● TRY IT
When you reach a picture, pass over it; otherwise repeat the listing word for word.

● PROVIDED DATA
++++++
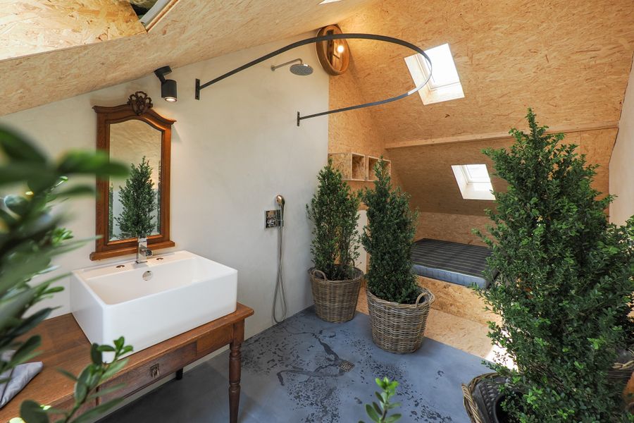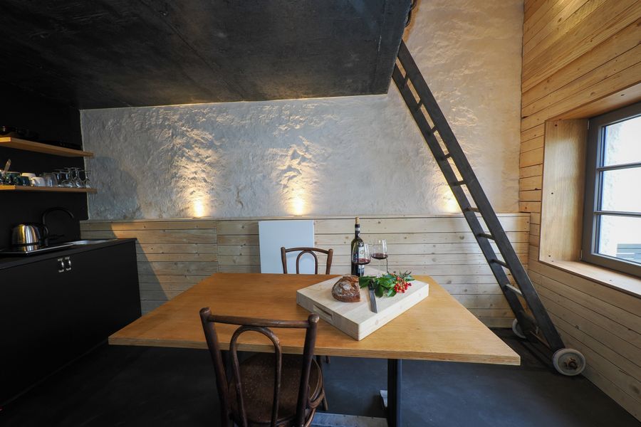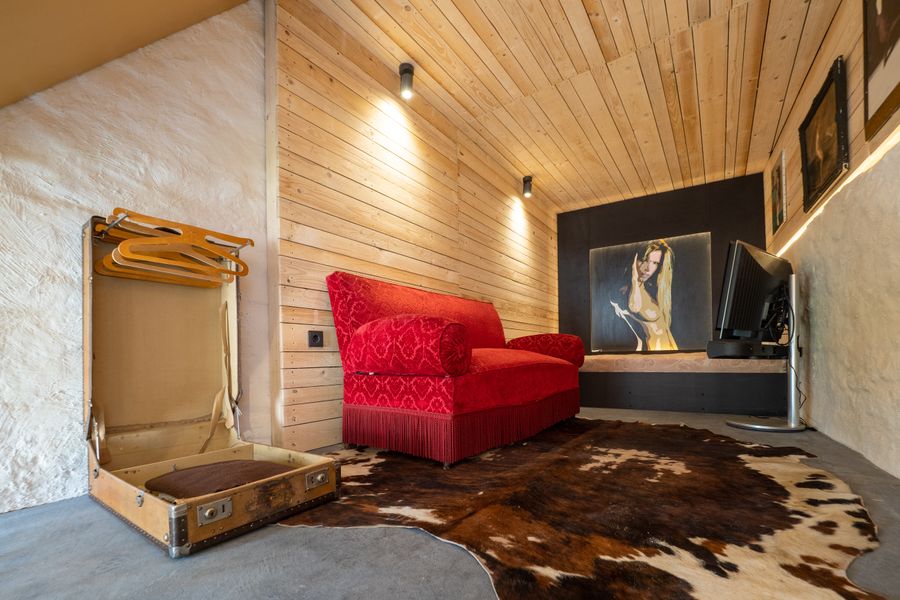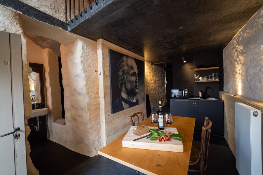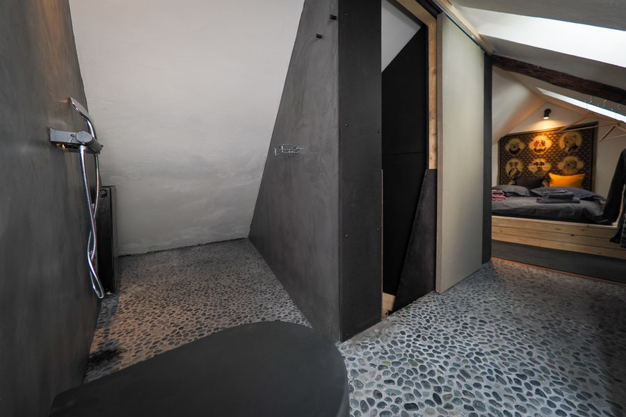 The owners have designed the concept with great love to detail. In the Man’s Cave, a beautiful antique spiral staircase leads to the sleeping area. The bathroom is designed in a cave style with a sit-down shower in the bathtub – playful and unique. Guests share a large living room, a kitchen, an office and the garden. There is also a sauna.
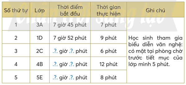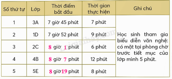 Quan sát bảng thứ tự thời gian biểu diễn văn nghệ của các lớp.
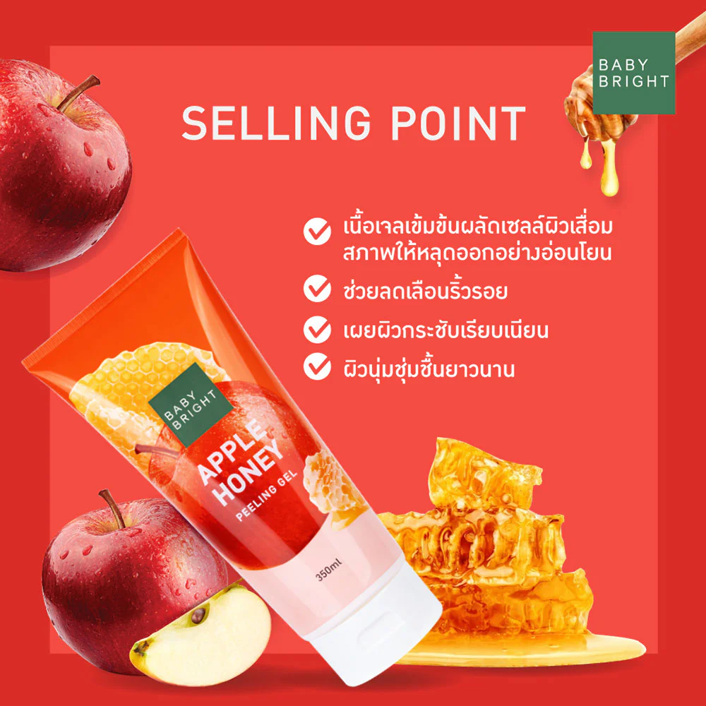Baby Bright Apple Honey Peeling Gel 350ml Scurf peeling gel, concentrated gel texture that gently exfoliates dead skin cells. without causing skin irritation with apple extract Containing flavonoids (Flavonoid) as anti-oxidants as well as being rich in various vitamins Helps strengthen elastin and collagen that are beneficial to the skin. Combining honey extracts An important helper in retaining moisture for the skin as well, making the skin firm, smooth, not dry, tight, soft, moisturized for a long time. Adjust the skin to look healthy. ready for the next step of maintenance
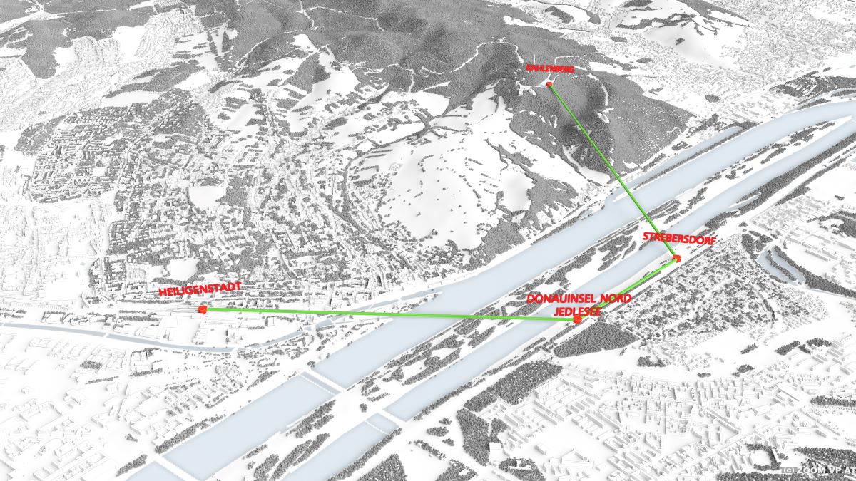 - Attractive access to the two recreational areas, Kahlenberg and the northern Danube Island, through a new – public, barrier-free, and CO₂-neutral – mobility option for athletes, pensioners, families, and local residents of the Muthgasse area (which has limited green space).
++++++
● WORKED SOLUTION
 The owners have designed the concept with great love to detail. In the Man’s Cave, a beautiful antique spiral staircase leads to the sleeping area. The bathroom is designed in a cave style with a sit-down shower in the bathtub – playful and unique. Guests share a large living room, a kitchen, an office and the garden. There is also a sauna.
 Quan sát bảng thứ tự thời gian biểu diễn văn nghệ của các lớp.
Baby Bright Apple Honey Peeling Gel 350ml Scurf peeling gel, concentrated gel texture that gently exfoliates dead skin cells. without causing skin irritation with apple extract Containing flavonoids (Flavonoid) as anti-oxidants as well as being rich in various vitamins Helps strengthen elastin and collagen that are beneficial to the skin. Combining honey extracts An important helper in retaining moisture for the skin as well, making the skin firm, smooth, not dry, tight, soft, moisturized for a long time. Adjust the skin to look healthy. ready for the next step of maintenance
 - Attractive access to the two recreational areas, Kahlenberg and the northern Danube Island, through a new – public, barrier-free, and CO₂-neutral – mobility option for athletes, pensioners, families, and local residents of the Muthgasse area (which has limited green space).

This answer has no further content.